Ну и слава богу. Я бы и сейчас мог их всех тут как следует покромсать — вы с кем связались, суки? С архимагом?! Вот я вас ужо, подлецов! Но — потом!
Меня вывели из дома, проведя по пустым темным коридорам, освещаемым только масляными фонарями в руках конвоиров, и усадили в карету, окна которой были занавешены плотной тканью. Здесь тоже горел небольшой фонарь, а на скамье сидели два мордоворота в штатском, и если я не ошибаюсь — один из них был местным аналогом наших попов — храмовник. Его отличала от обычных людей широкая черная блуза, свисающая ниже пояса, а еще — голубоватое свечение его Твари. Это был маг, без всякого сомнения.
Влезть в карету самостоятельно я не мог, потому меня подняли туда двое конвоиров и при этом даже не попытались врезать мне под ребра или дать в ухо, что для нынешних деятелей тайной службы очень даже удивительно. Хоть немножко-то побить меня должны были! Кто их проконтролирует? Прокуратуры нет, суд весь имперский — управы не найдешь! Но не били. Почему — это тоже вопрос. И это даже настораживало.
Всю дорогу до того места, куда меня везли — мои спутники молчали. А я ничего не спрашивал, ничего не говорил. Глупо было бы сейчас причитать на тему: «Кто вы?! Куда вы меня везете?! Почему вы молчите?! Я буду жаловаться!» Глупо, смешно и унизительно. И бесполезно. Кто они — ясно. Куда везут — скоро узнаю. Почему меня взяли — тут и самый из идиотов идиот бы догадался. А жаловаться некому. Богу, если только. Но он обычно никого не слышит.

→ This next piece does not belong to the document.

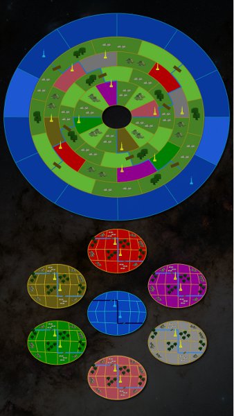 Each of the small colored discs contains 20 land provinces with the exception of the blue disc which contains 20 water provinces. All of the basic province details for each disc are identical and all but 6 of the provinces in each small disc can be a start location. Each smaller disc has bilateral symmetry with respect to an axis that follows the river.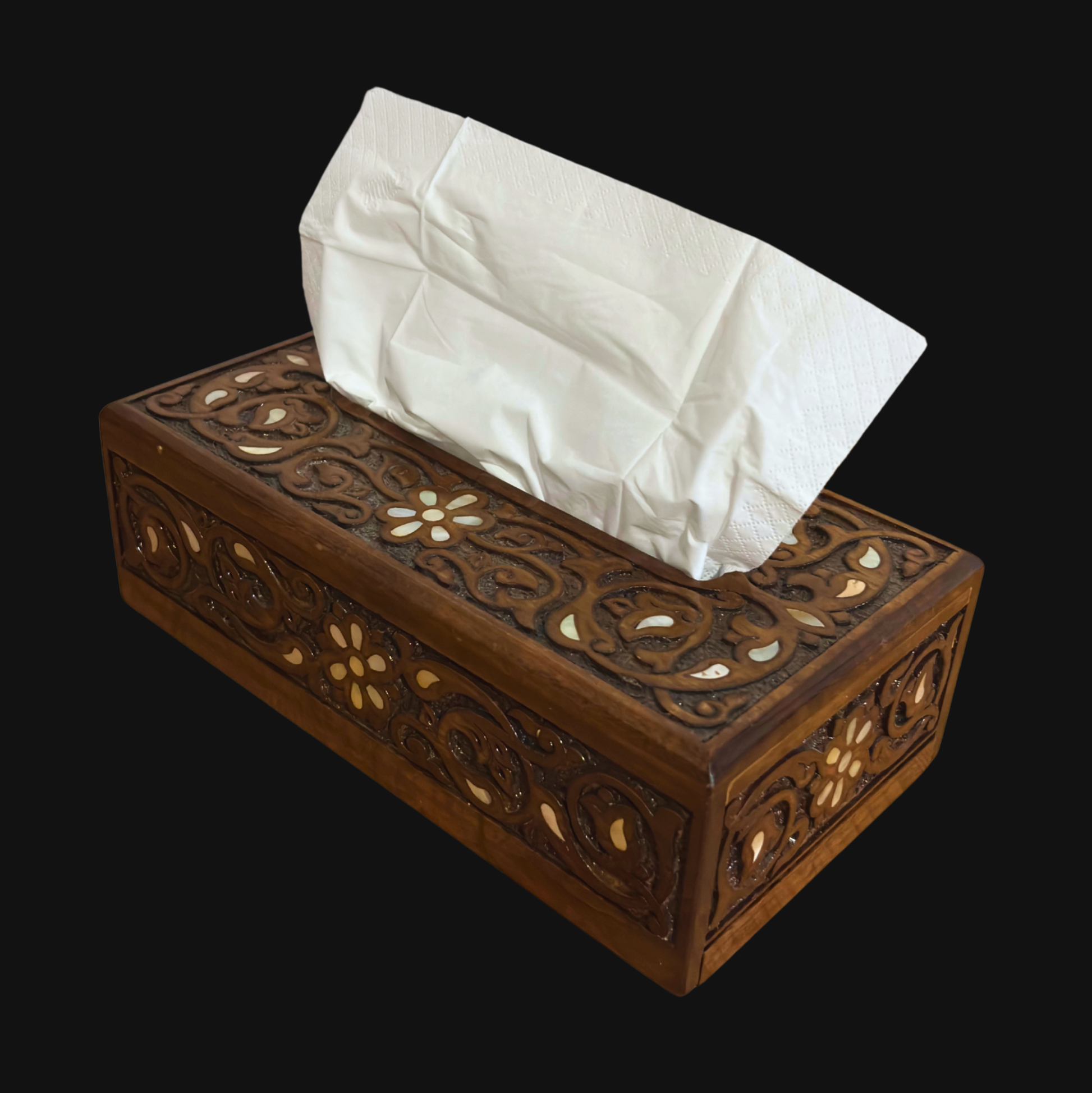 Caixa de Lenços em Faia Talhada à Mão – Acabamento em Nogal com Madrepérola

Ехали совсем недолго. Оно и понятно — управление Стражи находится на имперской площади, рядом с дворцом императора. Два квартала — и мы на месте. Тут же рядом и суд, а рядом с судом — клетки, из которой я неделю назад благополучно убрался. И куда я могу отправиться в ближайшем будущем — если не предприму необходимых мер. А я предприму. Я не буду стоять, как Дегер-Конар-Толя, сделавший свое грязное дело и растерявшийся — как ему поступать дальше! Теперь я цельная личность! И очень опасная личность, я вам скажу, господа! Зря вы так со мной, ох, зря! Не трогайте дерьмо, оно и не завоняет!
Знал я, что маг меня сдаст. Знал. Больно уж взгляд у него был такой… хмуро-виноватый. И знал я, что сдаст он меня скорее всего этой ночью. Потому что сделал я амулет-маску и ушел бы утром. А потом попался бы страже и выдал бы этого самого мага. И честно сказать — я его не виню. Он должен был прикрыть свой зад. И защитить дочку.
Почему я не ушел раньше? Да потому, что единственный способ найти Юсаса — это спросить у тех, кто его взял. То есть — у стражи. А как это сделать? Да вот так — якобы случайно им попасться. А как заинтересовать стражу, чтобы они сразу меня не убили, а доставили живым к тем, кто в курсе всего? Рассказать магу как можно больше — о себе, о том мире, из которого прибыл. Как можно больше — но так, чтобы ничего не было ясно. Чтобы и рассказать, и НЕ рассказать.
В общем — провел я кое-какую комбинацию. Не скажу, чтобы особо умную, но… какая уж есть! Главного добился — попаду туда, куда мне нужно. А там посмотрим. В любом случае — у меня всегда есть возможность отсюда уйти на Землю. Вряд ли они смогут меня остановить. Кишка тонка!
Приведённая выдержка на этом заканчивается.